Moreover, information travels in predictable paths within the brain. So visual information travels from the retina to the thalamus but must reach the cortex for complex pattern recognition to be accomplished and visual perception to occur.
Despite the evidence for behavioral predispositions being present at birth, the brain itself has blank-slate-like properties (5). This phenomenon was studied most extensively for cortical cells that initially do not know what they are supposed to do but develop a rapport with neighboring cells, responding most strongly to those that stimulate them the most. This means that if a person were to lose a finger, the parts of the cortex that had represented that finger will likely start responding to input from another finger.
The inherent changeableness, or plasticity, of brain cells has been compared to a blank slate upon which sensory and motor input gets written. Sometimes, that information may get erased so that something different may be written in its place.
So Who is Right?
The historical fault lines in psychology lie between the blank-slate model of the behaviorists and the opposite extreme favored by many evolutionary psychologists.
Both extremes would appear to be wrong. We know that personality traits are strongly influenced by genotype, for example, contrary to the behaviorist perspective. Some plausible mechanisms through which this occurs have been described, such as genetic modification of the number of neurotransmitter receptors.
On the other hand, the more we discover about the brain, the more we are impressed by its capacity to respond to changing sensory inputs. So it is quite implausible that people would be born with a fully functional genetically-determined brain “program” that solved some Darwinian problems such as preventing spousal infidelity.
The brain may not be entirely blank at birth but it is not entirely programmed either. It is an interesting mix of script and improvisation.
References
1. Barber, N. (2002). The science of romance. Buffalo, NY: Prometheus.
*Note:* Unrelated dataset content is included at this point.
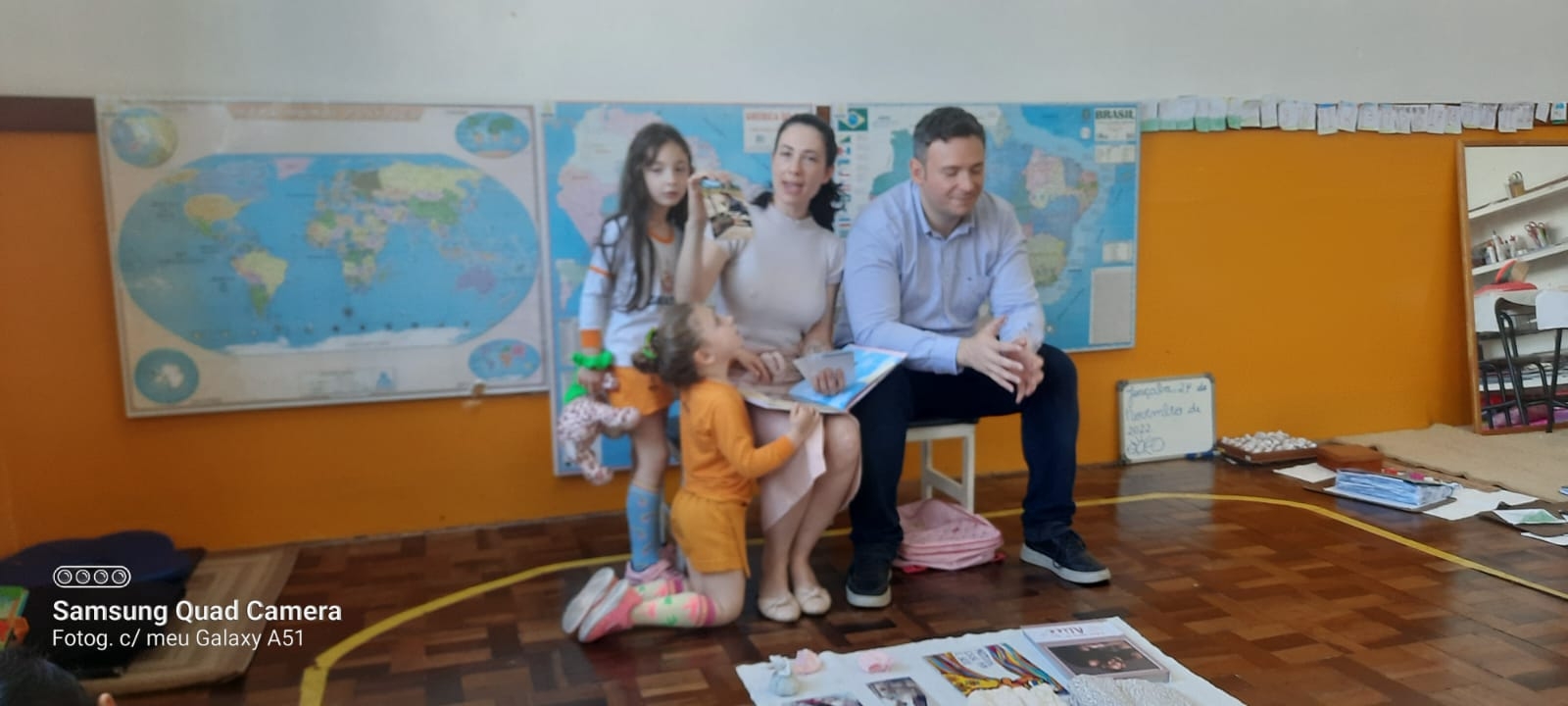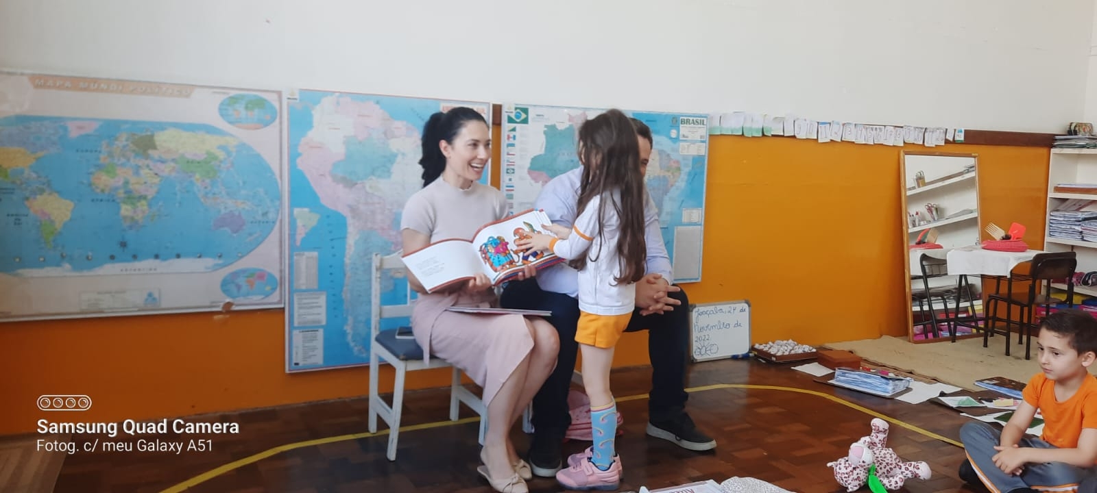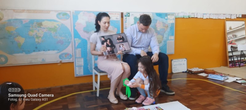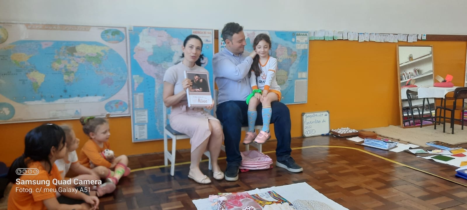 Nossa escola realiza um trabalho intenso em parceria com as famílias. Este ano as turmas das alfabetizações estão fazendo um projeto lindo que traz o papai e a mamãe para dentro da sala de aula. Um dia da semana os papais vêm até a escola para contar um pouquinho da história da vida de seu filho. Desta vez a mamãe e o papai da amiga Alice estiveram contando uma linda história para a turma Quero-Quero. A presença da família cria na memória das crianças momentos de alegria e felicidade, além de orgulho e admiração.

2. Delaney-Black, V., Covington, C., Ondersma, S. J., Nordstrom-Klee, B., Templin, T., Ager, L., et al. (2002). Violence exposure, trauma, and IQ and/or reading deficits among urban children. Archives of Pediatric and Adolescent Medicine, 156, 280-285.
3. Case, A. & Paxon, C. (2008). Stature and status: Height, ability and labour market outcomes. Journal of Political Economy, 116, 491-532.
4. Plomin, R. (1990). Nature and nurture: An introduction to human behavioral genetics. Belmont, CA: Wadsworth.
5. Kalisman, N., Silberberg, G., and Markram, H. (2005). The neocortical microcircuit as a tabula rasa. Proceedings of the National Academy of Sciences, 102, 880-885.